Creating New Columns Based on Existing Columns#
In addition to the .mean()
, .median()
, .describe()
, and .agg()
arguments, we can also use arithmetic operators to perform calculations on values in a DataFrame
.
Let’s introduce a new sample dataset, this time with air quality data for measurement stations in London, Paris, and Antwerp. Values in this dataset include nitrogen dioxide (NO2
) concentration expressed as parts per million (ppm
).
import pandas as pd, numpy as np # import statements
df = pd.read_csv("https://raw.githubusercontent.com/kwaldenphd/elements-of-computing/main/book/data/ch7/air_quality_no2.csv", index_col=0, parse_dates=True)
df.info()
<class 'pandas.core.frame.DataFrame'>
DatetimeIndex: 1035 entries, 2019-05-07 02:00:00 to 2019-06-21 02:00:00
Data columns (total 3 columns):
# Column Non-Null Count Dtype
--- ------ -------------- -----
0 station_antwerp 95 non-null float64
1 station_paris 1004 non-null float64
2 station_london 969 non-null float64
dtypes: float64(3)
memory usage: 32.3 KB
Example #1#
Let’s say we wanted to express the London station’s NO2
concentration as milligrams per cubic meter (mg/m3). For our purposes, we are assuming a temperature of 25 degrees Celsius and pressure of 1013 hPa, which means the conversion factor is 1.882.
We would need to convert all of the station_london
column values from ppm
to mg/m3
. And we would want to store the results of that calculation in a newly-created column.
df['london_mg_per_cubic'] = df['station_london'] * 1.882 # create new column from arithmetic operation
df.head() # show output
Example #2#
Let’s say we wanted to calculate the ratio of the Paris versus Antwerp station values and store that result in a new column.

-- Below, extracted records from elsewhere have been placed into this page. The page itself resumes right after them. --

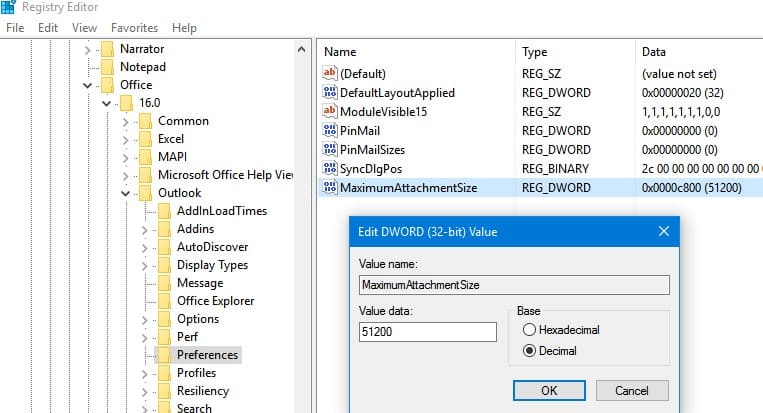 REG ADD HKEY_CURRENT_USER\Software\Microsoft\Office\16.0\Outlook\Profiles\Outlook\Preferences\ /v "MaximumAttachmentSize" /t REG_DWORD /d 51200 /f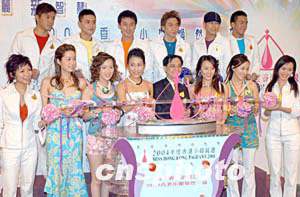 應(yīng)屆港姐曹敏莉、李嘉怡、戚黛黛、楊洛婷、李詩(shī)韻(右起)3月15日在香港出席《2004年度香港小姐競(jìng)選本地佳麗招募行動(dòng)》啟動(dòng)儀式,五人展示印上“新美麗新智慧2004香港小姐煥然一新”為口號(hào)的競(jìng)選報(bào)名表格。作者:鄧慶樂(lè)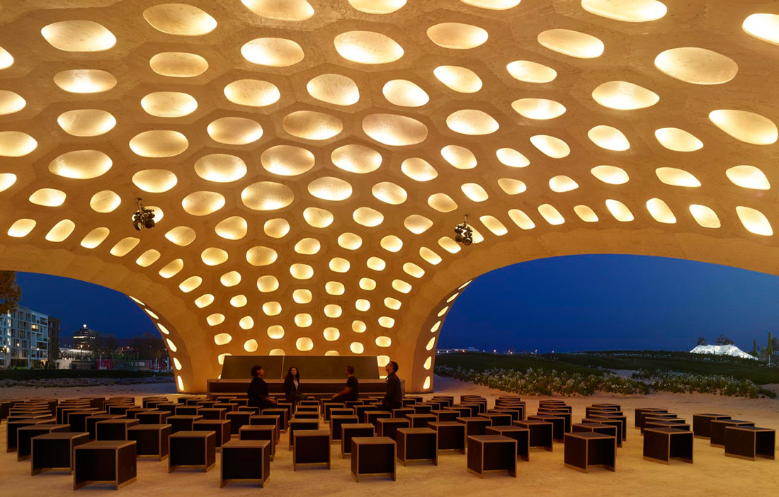 In addition to this pavilion, the University of Stuttgart is also contributing a pavilion made from glass fibre and carbon fibre elements.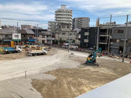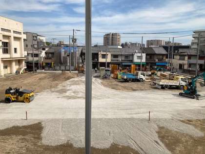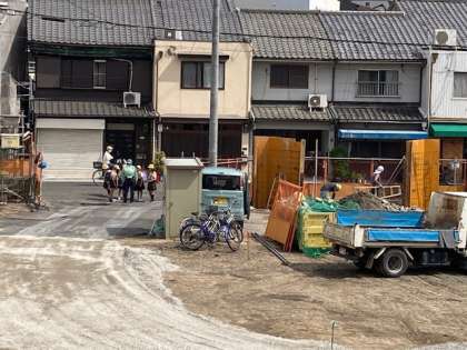 暑い中、運動場整地が進んでいます。砂利が敷かれ、均等にならしています。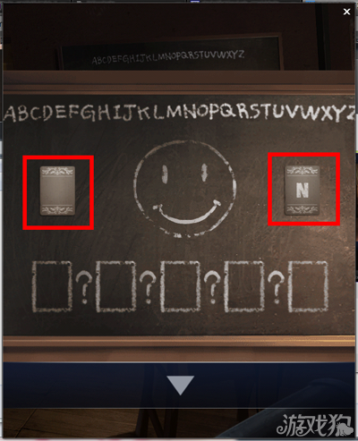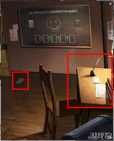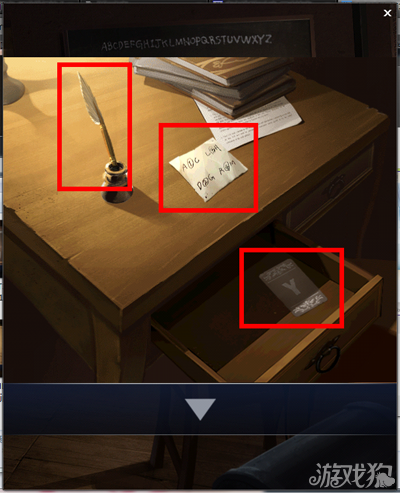 将桌子的抽屉打开取出字母Y,将桌上的纸条和羽毛笔拿起。接着检查黑板。

We would need to calculate the ratio for each row and store the results of the calculation in a new column.
df["ratio_paris_antwerp"] = (df["station_paris"] / df["station_antwerp"]) # calculate ration
df.head() # show output
station_antwerp | station_paris | station_london | ratio_paris_antwerp | |
---|---|---|---|---|
datetime | ||||
2019-05-07 02:00:00 | NaN | NaN | 23.0 | NaN |
2019-05-07 03:00:00 | 50.5 | 25.0 | 19.0 | 0.495050 |
2019-05-07 04:00:00 | 45.0 | 27.7 | 19.0 | 0.615556 |
2019-05-07 05:00:00 | NaN | 50.4 | 16.0 | NaN |
2019-05-07 06:00:00 | NaN | 61.9 | NaN | NaN |
Element-Wise Calculation#
Note that we do not need to iterate over all rows for a specific dataframe column to perform this calculation. pandas
performs the calculation element_wise
, that is on all of the values in the column at once.
In example #2, because this is an element-wise calculation, the division operation is applied to all rows in the data frame. Python’s other mathematical (+
, -
, *
, /
) and logical (<
, >
, =
, etc.) all work element-wise.